Sea swells undulated ominously. The boat was small with 102
souls aboard. A few animals were on the manifest, two cows, two goats and a dog
or two. Some cats as well. Men, women and children. Plus crew. The boat seemed
large at the time, but history tells the truer story of context.
The year was 1620. The harbor was Plymouth, England.
Months later – storms and calms weathered apace – the little
boat nudged into calm waters not far from land. Slowly they crept forward until
reaching a likely anchorage. A small boat was lowered and a landing group
carefully edged toward land. Upon a rock they stepped, small for the historic
moment, but a rock of substance nonetheless.
From one Plymouth to the new one, a movement was said to
start.
The movement, of course, had already started many years
before as other brave souls settled in Florida and Virginia and other points on
the south coast of what has become the USA. Many of those stalwarts did not
survive ordeals; but some did.

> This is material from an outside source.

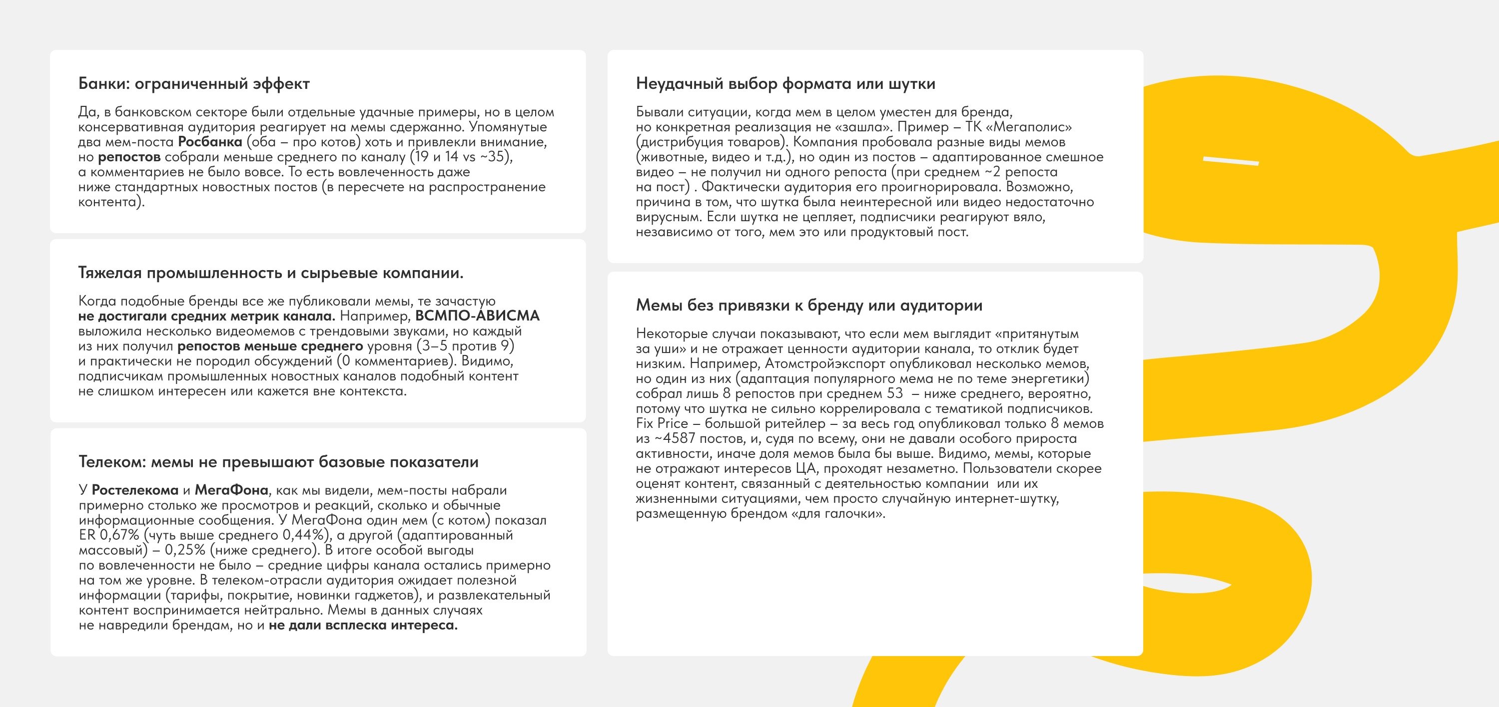 Похожая ситуация наблюдается в тяжёлой промышленности и у сырьевых компаний. Когда бренды из этих отраслей публикуют мемы, они часто не дотягивают до средних показателей по охвату и вовлеченности. Подписчикам таких каналов подобный контент не слишком интересен или кажется вне контекста.

A beginning was seeded for history to tell.
To the north, Plymouth became a settlement, and then a
larger community as the region took form. The Massachusetts Bay Colony had
begun. A culture was forming, from one in England to one in America, made up of
different points of view and diversity. As years went by the diversity grew as
newcomers joined the region and added to talents, skills and cultures. It grew
some more and morphed into a vibrant colony of trade with other regions and the
old world. Invention of materials at hand and need for sustenance and
well-being demanded such invention.
A society took shape; governance, too; ways and means of
living in community proffered the way forward to what has become a national
heritage. It came from many, not a few. It came of courage to try, to begin
again, and survive the unknown. The new world became an invention of all.
Sometimes I wonder if we truly appreciate those efforts of
our ancestors? Do we feel what they must have felt to live out the experiment
that became America?
If so, we ought not act as we now do – twitter, facebook or
website magnifying the ugly side of our life together. Such energy would better
be spent on building up what we yearn for together as a people. Kinda like our
ancestors did. Yearn. And build.
Like all the boatpeople that followed from places like Cuba, Mexico, Vietnam, Laos and so many more?